Hi everyone, I'm exploring the installation of Fl...
# ask-the-community
d
Hi everyone, I'm exploring the installation of Flyte in a multi-cluster setup with a specific requirement: one execution cluster in the cloud and another on-premises. The cloud cluster will run both the control and data planes, while the on-premises cluster will run only the data plane (flytepropeller). Ideally, the on-prem setup would utilize MinIO, and the cloud data plane would use S3. My understanding is that FlyteAdmin generates presigned URLs for client data uploads. Is it possible to configure FlyteAdmin to direct source code distribution(tar.gz files) and other uploads to the on-premises MinIO when scheduling a workflow there? Currently, if I schedule a workflow on the on-prem execution cluster, it's unable to pull data from S3 because it's configured to use MinIO for local object storage and is missing the AWS credentials. I am using the latest
flyte-core
helm chart that I adjusted to my needs by following Multiple k8s Deployment docs
y
you can’t have both… s3 and minio. at least not without some work.

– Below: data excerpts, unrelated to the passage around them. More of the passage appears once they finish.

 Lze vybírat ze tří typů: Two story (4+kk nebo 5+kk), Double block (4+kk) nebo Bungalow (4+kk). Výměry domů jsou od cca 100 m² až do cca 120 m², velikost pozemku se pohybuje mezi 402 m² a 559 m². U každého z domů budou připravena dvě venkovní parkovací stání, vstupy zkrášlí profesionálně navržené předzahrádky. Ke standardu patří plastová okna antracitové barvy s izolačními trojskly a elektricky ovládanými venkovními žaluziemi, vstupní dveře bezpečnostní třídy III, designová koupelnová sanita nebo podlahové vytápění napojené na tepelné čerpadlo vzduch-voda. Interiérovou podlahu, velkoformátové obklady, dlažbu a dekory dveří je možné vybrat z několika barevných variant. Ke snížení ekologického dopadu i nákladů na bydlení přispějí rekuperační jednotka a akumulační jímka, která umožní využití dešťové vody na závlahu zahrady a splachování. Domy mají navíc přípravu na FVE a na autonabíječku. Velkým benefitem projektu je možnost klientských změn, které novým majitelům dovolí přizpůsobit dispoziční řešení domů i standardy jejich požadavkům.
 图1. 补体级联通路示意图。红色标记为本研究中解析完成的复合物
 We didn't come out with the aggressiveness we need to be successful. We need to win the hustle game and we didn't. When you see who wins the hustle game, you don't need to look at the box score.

you can have different buckets, but not different endpoints
can you use minio for everything?
d
I could, I was just researching if this is possible. The problem is that if I go with the shared s3 object storage, executions on the on-prem cluster(because of it's limited network bandwith) will be slower compared to the same solution using minio. Is there a way to keep task outputs locally on the same execution cluster, or potentially in memory, and pass it to the next task?
I might just go with two separate installations of control plane, one for on prem and another for cloud
y
wait i thought on prem == minio
d
That's right. Minio on prem, s3 for cloud. I am saying that if I use s3 as object storage for on prem, it will be slower
y
not really… not the primitive data at least. you understand that distinction right?

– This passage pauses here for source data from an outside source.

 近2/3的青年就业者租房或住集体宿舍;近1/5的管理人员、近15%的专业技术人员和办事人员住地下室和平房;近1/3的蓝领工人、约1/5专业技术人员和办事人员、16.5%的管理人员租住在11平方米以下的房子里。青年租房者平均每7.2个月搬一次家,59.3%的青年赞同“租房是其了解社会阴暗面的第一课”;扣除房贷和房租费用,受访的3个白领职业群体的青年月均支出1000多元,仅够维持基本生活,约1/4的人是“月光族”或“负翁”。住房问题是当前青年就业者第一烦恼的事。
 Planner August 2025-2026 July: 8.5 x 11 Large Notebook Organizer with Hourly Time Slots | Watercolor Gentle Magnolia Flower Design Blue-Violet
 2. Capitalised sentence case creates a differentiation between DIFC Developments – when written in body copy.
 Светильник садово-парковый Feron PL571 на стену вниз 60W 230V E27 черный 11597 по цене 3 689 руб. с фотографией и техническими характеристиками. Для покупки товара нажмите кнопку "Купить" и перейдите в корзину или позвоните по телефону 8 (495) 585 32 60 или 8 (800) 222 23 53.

primitive i/o like floats and strings are what we call metadata, they go into the metadata bucket (along with other things like offloaded objects admin uses).
and off-loaded data types like files and dataframes go into another bucket.
(think of this as stack and heap kinda)
so there’s a natural built-in distinction between the two buckets but not endpoints. user containers need access to both buckets. flyte itself only needs access to the metadata one.
d
Got it, thank you 🙏